Open chassis view showing the drive motors, battery pack, and controller integration within the structural frame.

Performance

  • 15.3 bits/second information throughput via the Natural Decoder interface — significantly exceeding switch-based and discrete command systems
  • ≤200 ms end-to-end latency from gaze acquisition to motor command execution
  • ±1° angular gaze estimation accuracy (approximately ±5 cm at 2 m operating distance)
  • Floor detection range of 0.5–4.0 m, validated on surfaces inclined up to ±55° from the camera axis
  • Maximum indoor speed of ≤3 km/h with fail-safe automatic stop on signal loss or calibration drift
  • Dwell-time activation threshold of 200 ms (configurable 100–500 ms) to suppress accidental command triggering

Regulatory Pathway

The device was classified as EU MDR Class IIa under EU 2017/745: an active device delivering mechanical energy to the user, with potential for harm if energy is incorrectly directed (unintended movement, excessive speed, delayed halting).
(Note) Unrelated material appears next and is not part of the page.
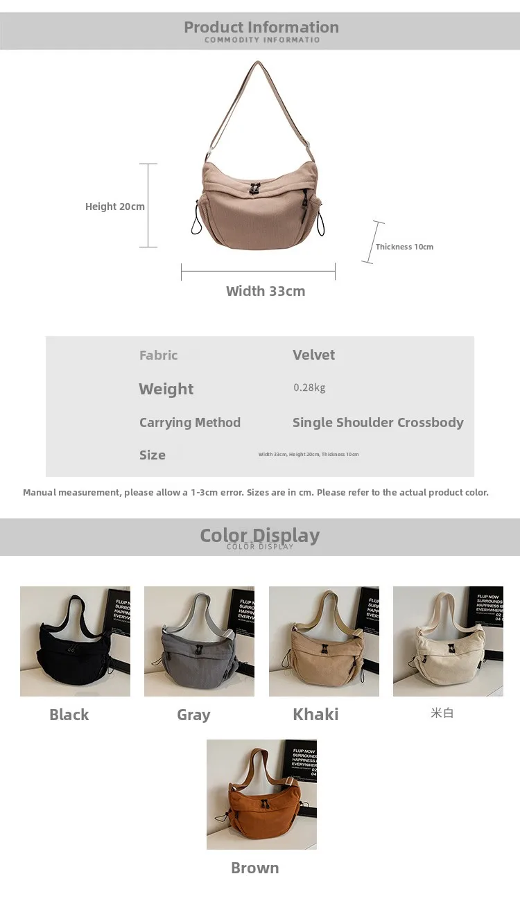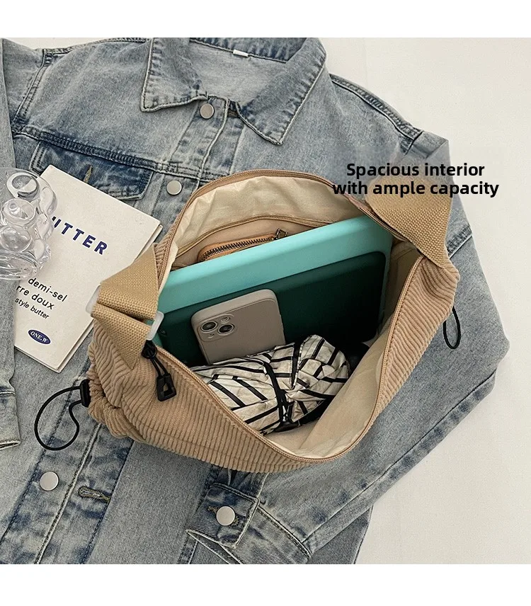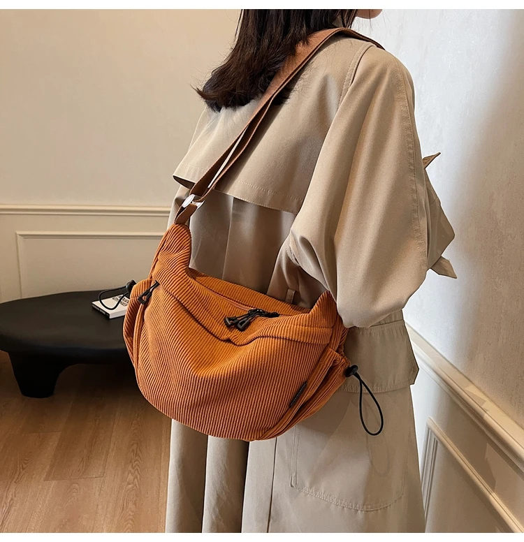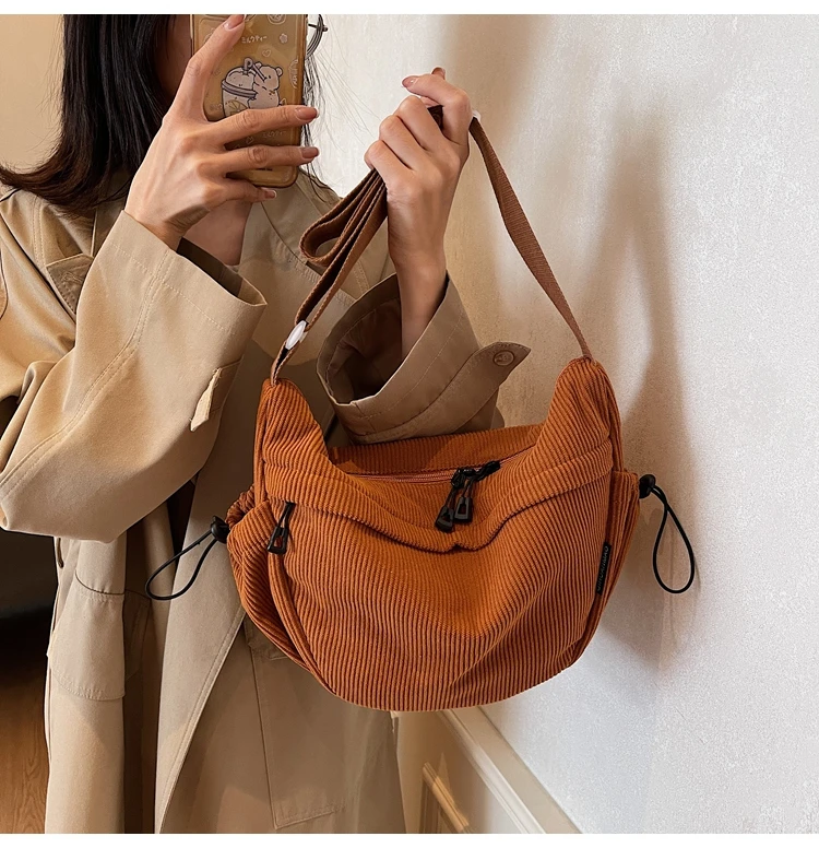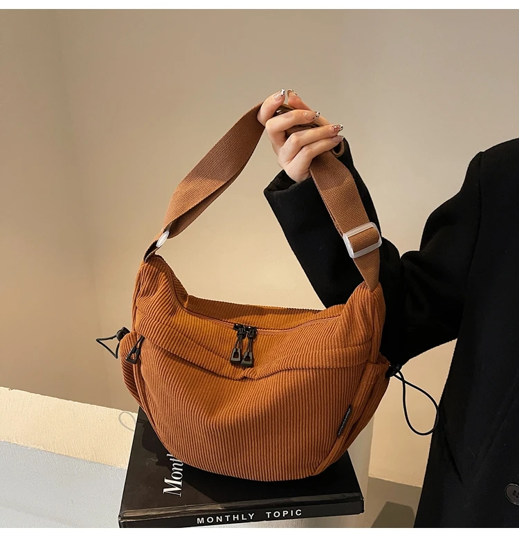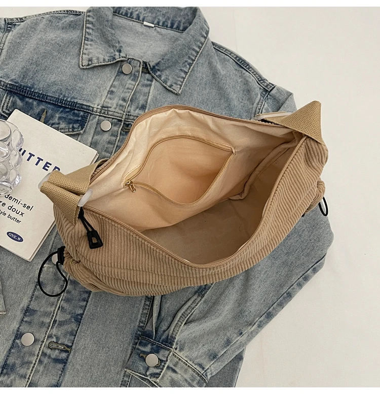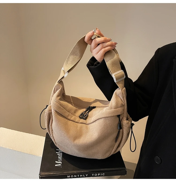 Adicione uma textura incrível e um charme acolhedor ao seu visual com a nossa Bolsa Feminina de Veludo Cotelê. Inspirada na estética vintage e pensada para o uso diário, ela é leve, super macia ao toque e espaçosa o suficiente para levar tudo o que importa.

The technical documentation addressed:

  • ISO 7176-15 — wheelchair information disclosure and documentation requirements
  • ISO 20417 — medical device labelling and legibility
  • ISO 15223-1 — standardised medical device symbols
  • Regulation (EU) 2021/2226 — electronic format requirements for IFU

Risk management identified key hazards (unintended gaze-driven movement, calibration drift, visual fatigue) and documented control measures including gaze confidence filtering, floor-contingent logic, calibration integrity monitoring, and mandatory healthcare professional assessment before independent use. A structured PMCF plan was produced to support ongoing post-market surveillance.